Listed records —
>>

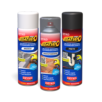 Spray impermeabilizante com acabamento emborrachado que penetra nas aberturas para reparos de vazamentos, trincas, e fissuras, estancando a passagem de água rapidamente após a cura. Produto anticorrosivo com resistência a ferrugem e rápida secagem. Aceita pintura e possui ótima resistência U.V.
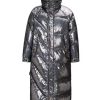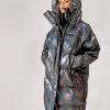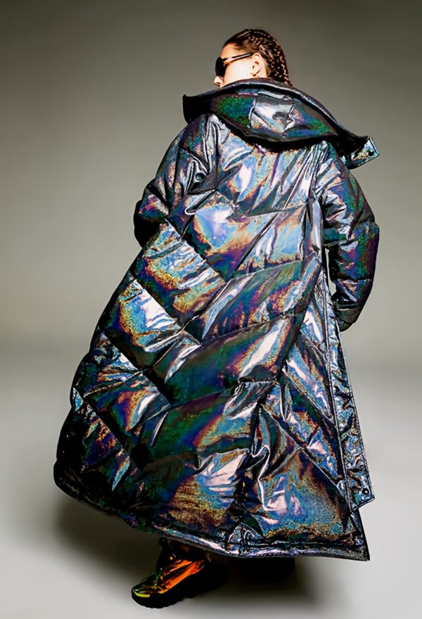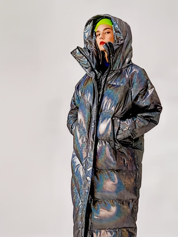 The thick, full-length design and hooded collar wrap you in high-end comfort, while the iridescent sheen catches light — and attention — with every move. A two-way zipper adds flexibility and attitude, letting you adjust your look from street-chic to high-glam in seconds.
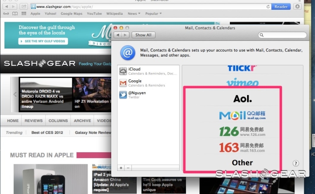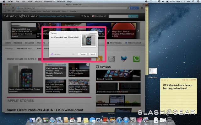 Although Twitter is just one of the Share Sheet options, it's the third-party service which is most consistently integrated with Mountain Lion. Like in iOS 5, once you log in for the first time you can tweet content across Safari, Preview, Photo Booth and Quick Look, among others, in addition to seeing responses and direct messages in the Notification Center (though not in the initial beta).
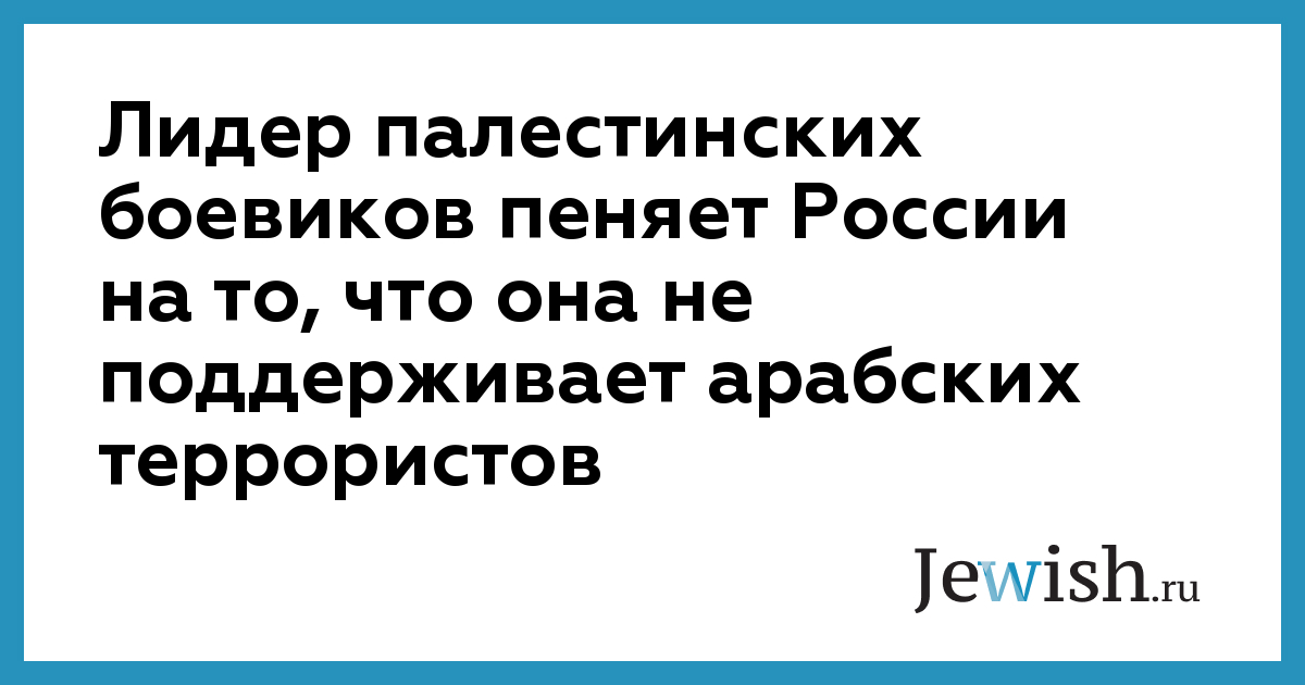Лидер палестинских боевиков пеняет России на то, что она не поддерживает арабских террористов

<<
>>

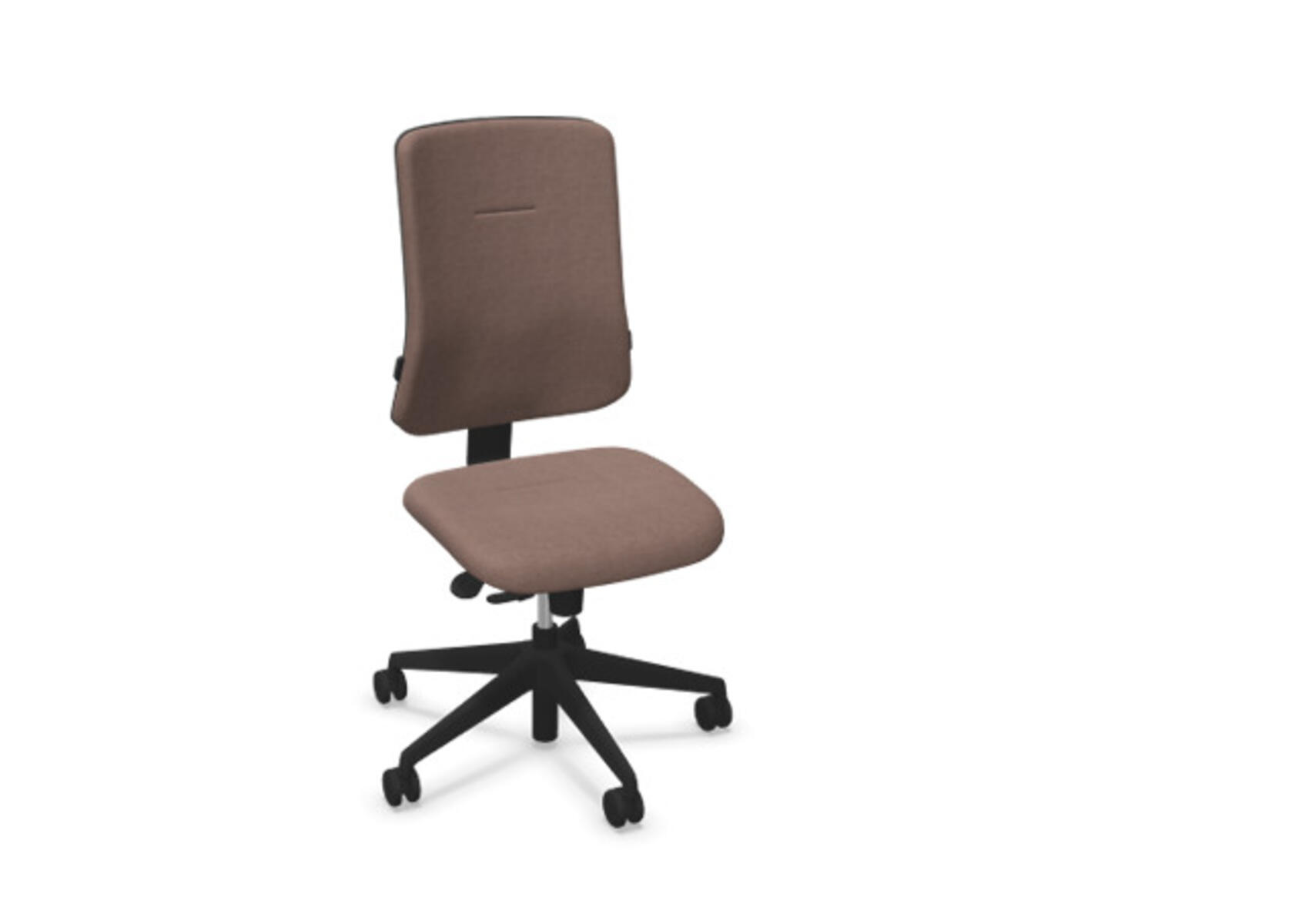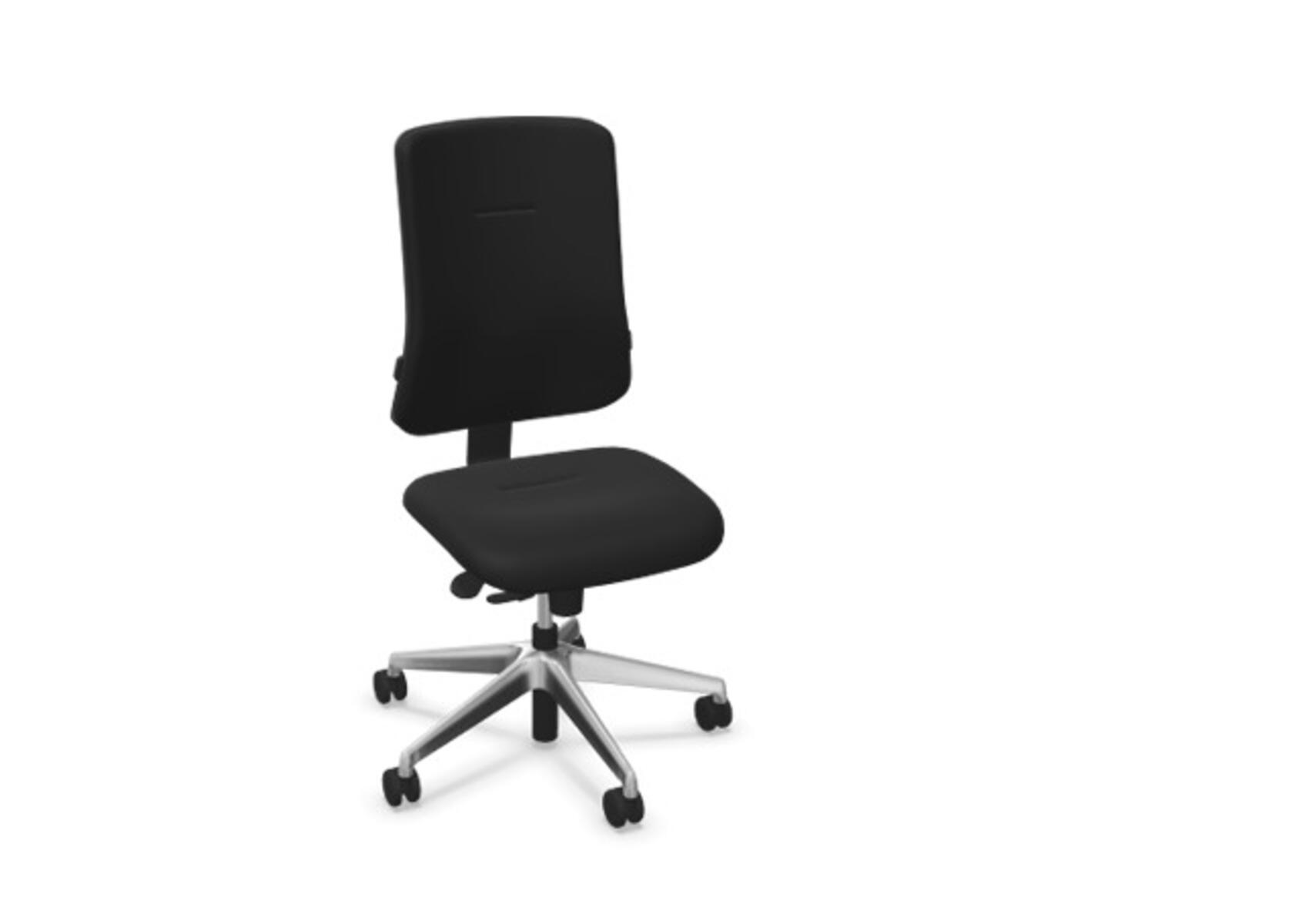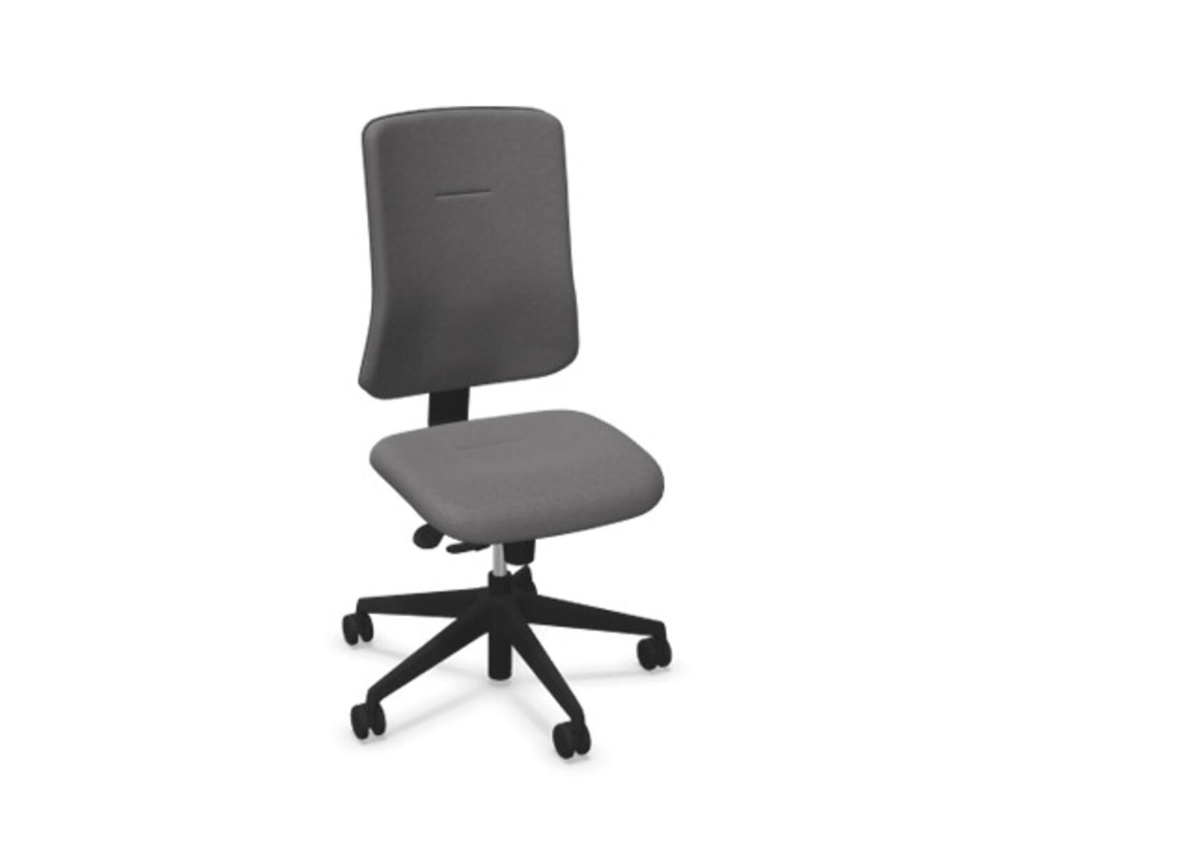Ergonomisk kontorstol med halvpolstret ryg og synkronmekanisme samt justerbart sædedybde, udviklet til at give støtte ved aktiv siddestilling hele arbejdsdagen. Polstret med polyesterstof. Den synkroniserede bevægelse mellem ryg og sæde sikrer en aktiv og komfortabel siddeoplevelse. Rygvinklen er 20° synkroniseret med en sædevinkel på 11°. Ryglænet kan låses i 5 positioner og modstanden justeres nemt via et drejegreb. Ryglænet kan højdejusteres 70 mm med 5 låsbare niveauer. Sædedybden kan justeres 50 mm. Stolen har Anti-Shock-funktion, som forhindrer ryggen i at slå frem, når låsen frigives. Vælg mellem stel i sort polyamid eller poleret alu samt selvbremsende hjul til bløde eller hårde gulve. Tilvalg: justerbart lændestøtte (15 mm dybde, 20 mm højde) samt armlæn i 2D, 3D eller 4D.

<<

Your instructions — Above is the material; set down exactly its lines from the one containing "Although Twitter is" down to the one containing "Лидер палестинских боевиков", both included, leaving out any pictures.

Solution to this exercise —
 Although Twitter is just one of the Share Sheet options, it's the third-party service which is most consistently integrated with Mountain Lion. Like in iOS 5, once you log in for the first time you can tweet content across Safari, Preview, Photo Booth and Quick Look, among others, in addition to seeing responses and direct messages in the Notification Center (though not in the initial beta).
Лидер палестинских боевиков пеняет России на то, что она не поддерживает арабских террористов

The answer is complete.